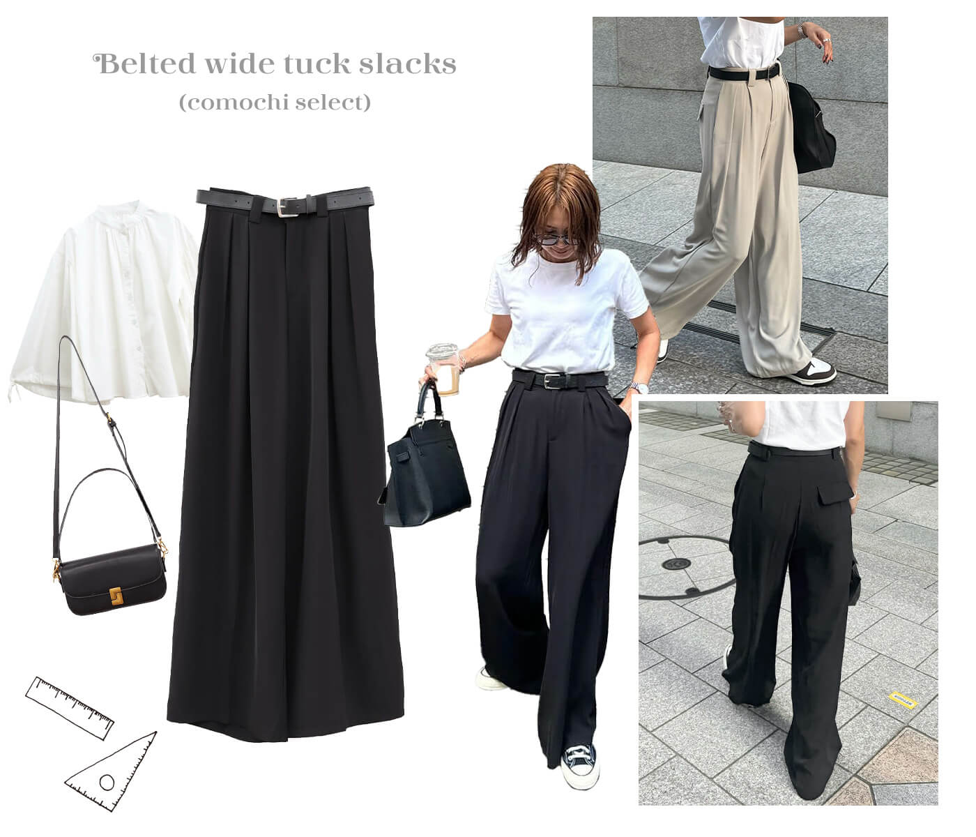 タックデザインとベルトマークがフォーマルな印象もプラス。
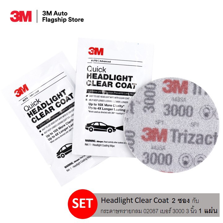 3M ชุดขัดโคมไฟหน้ารถยนต์ (Headlight Clear Coat 2 ซอง + กระดาษทรายกลม 02087 เบอร์ 3000 3 นิ้ว 1 แผ่น )
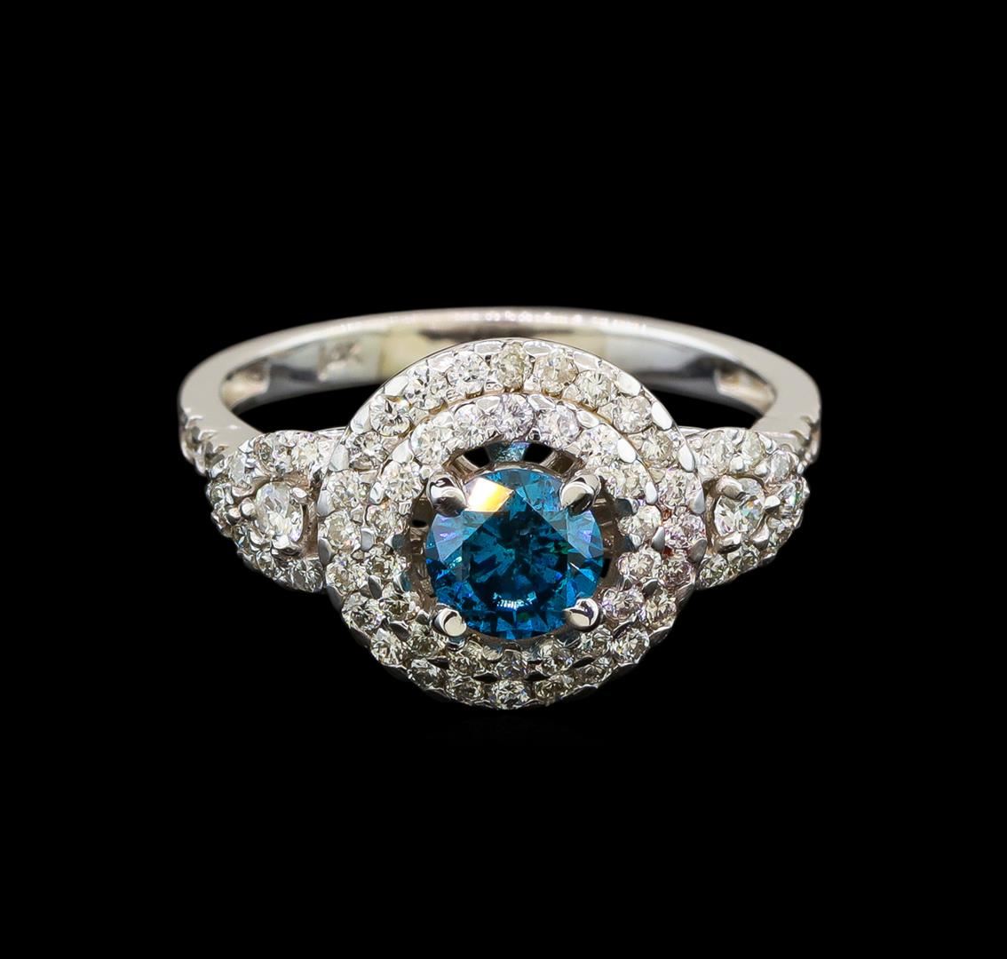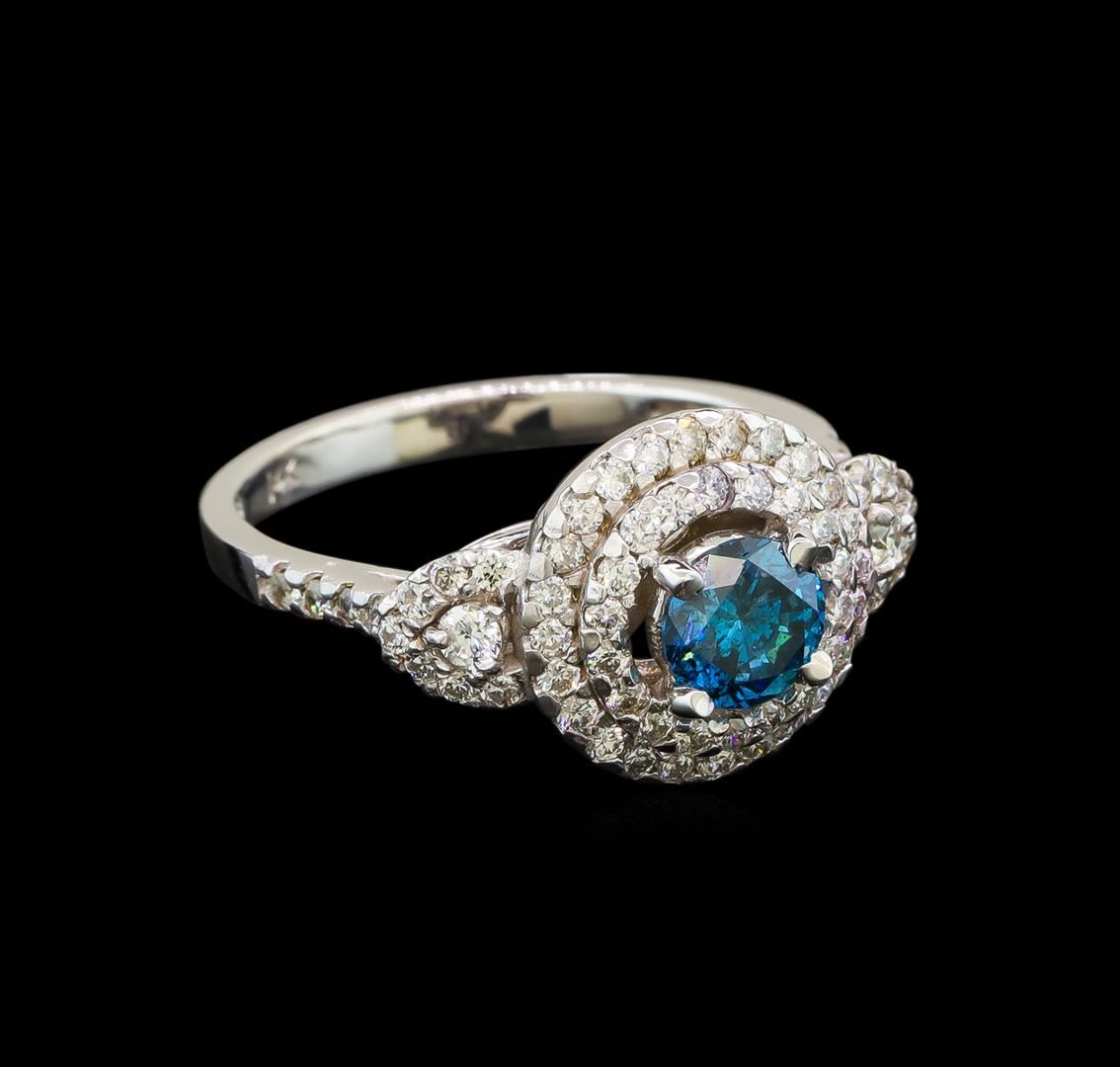 One electronically tested 14KT white gold ladies cast diamond engagement ring with a bright polish finish. Identified with markings of "14K". Condition is new. Containing: One prong set round brilliant cut diamond, measuring 5.40 - 5.40 x 3.24mm (depth est.) approximate weight of 0.58ct. Clarity: I-2, Cut is Good. The color of the stone has been treated. Sixty-Six prong set round brilliant cut diamonds, measuring 1.80 - 1.20 x 0.90mm (depth est.) approximate total weight of 66 Stones = 0.40ct. Clarity: SI-1 to SI-2. Color: H - I, Cut is Good. All diamonds are graded in the mounting, unless otherwise stated. Total Weight of Diamonds 0.98ct. Total Weight of Engagement Ring 3.60 grams. GGL Appraised at $3,760.00.
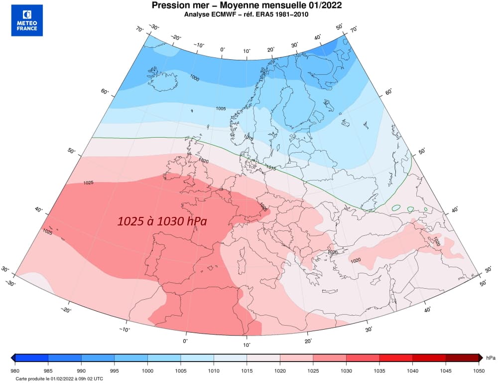 Pressions moyennes sur le continent européen en janvier 2022 - via Météo France / Gaëtan Heymes
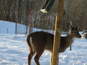 After the deer all left, a squirrel ran up to check the feeder. A blue jay also checked it out. They were unimpressed. There was nothing there because the deer ate it all. I might put a little more seed out for them so the birds can have something rather than nothing. I am still trying to re-think how to construct my feeders so the deer can’t access it all.
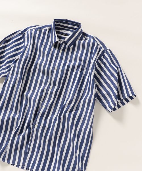 日本縫製の高品質な一着。濃いブルーでデザインされたストライプ柄の青シャツは、白のパンツと相性抜群です。爽やかな大人の夏コーデにおすすめ。ややゆったりとした作りなので、トレンド感のあるオーバーサイズとしてコーデできる青シャツです、
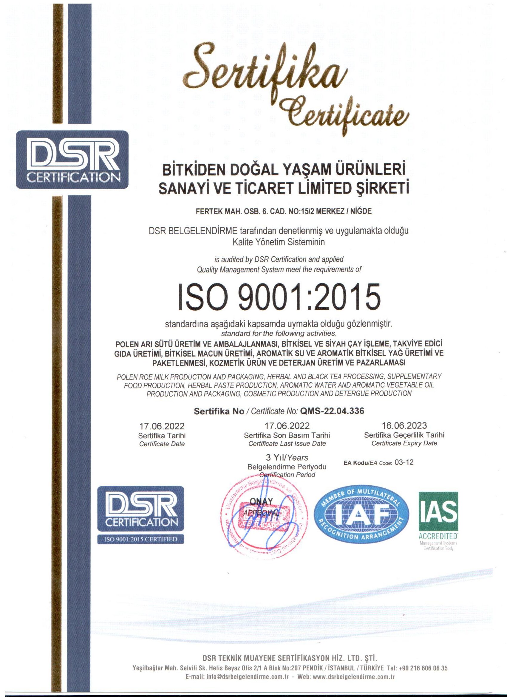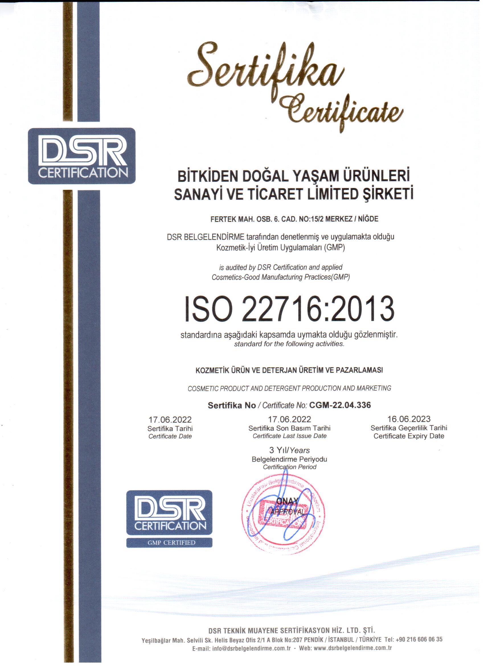 Üretim süreçlerimizdeki şeffaflık, kalite ve güven ilkelerimizi her zaman ön planda tutuyoruz. Bu değerleri somut bir şekilde ortaya koymak adına sahip olduğumuz sertifikaları sizlerle paylaşıyor; tüm doğal, bitkisel ürünlerimizi belirlenmiş uluslararası standartlar çerçevesinde ürettiğimizi gösteriyoruz. Aşağıda bulacağınız belgeler, verdiğimiz sözlerin ve kurduğumuz güven temelli ilişkinin bir kanıtı niteliğindedir.
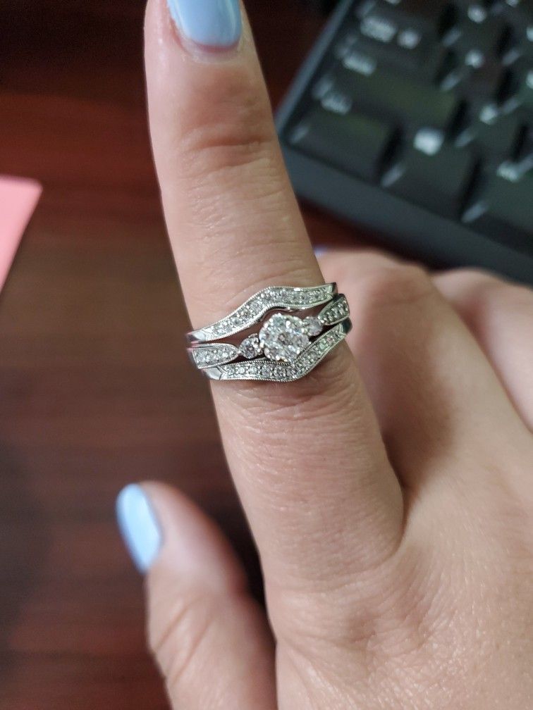 14k white gold diamond engagement ring and guard Engagement ring has cluster of 7 diamonds, center stone measures approx 2.2mm. Next to cluster on either side approx 2.1mm, next are 4 stones on either side 2) 2mm, 2) 1.8mm, 2) 1.3mm and 2) 1mm. These have a milgrain edge around them Guard has 22 diamonds 2) 1.8mm and 20 approx 1.2mm. Average clarity if all stones is S12-S13, and range from H to I in color.
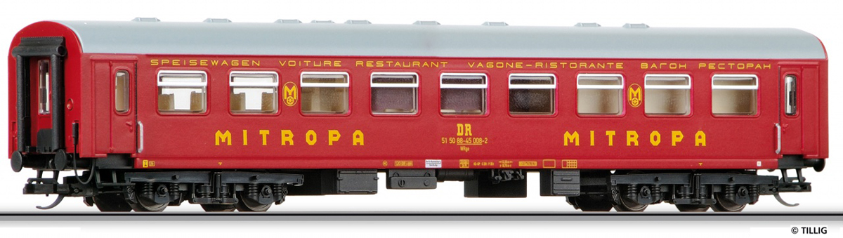 | červený s šedou střechou jídelní vůz "Mitropa" |
━━━━━━━━━━━━━━━━━━━━━━━━━━━━━━
ACTIVITY: In the listing above, find the line with "After the deer" and the line with "日本縫製の高品質な一着。濃い". Set down exactly those lines and everything between them, skipping pictures.

WRITTEN RESPONSE:
 After the deer all left, a squirrel ran up to check the feeder. A blue jay also checked it out. They were unimpressed. There was nothing there because the deer ate it all. I might put a little more seed out for them so the birds can have something rather than nothing. I am still trying to re-think how to construct my feeders so the deer can’t access it all.
 日本縫製の高品質な一着。濃いブルーでデザインされたストライプ柄の青シャツは、白のパンツと相性抜群です。爽やかな大人の夏コーデにおすすめ。ややゆったりとした作りなので、トレンド感のあるオーバーサイズとしてコーデできる青シャツです、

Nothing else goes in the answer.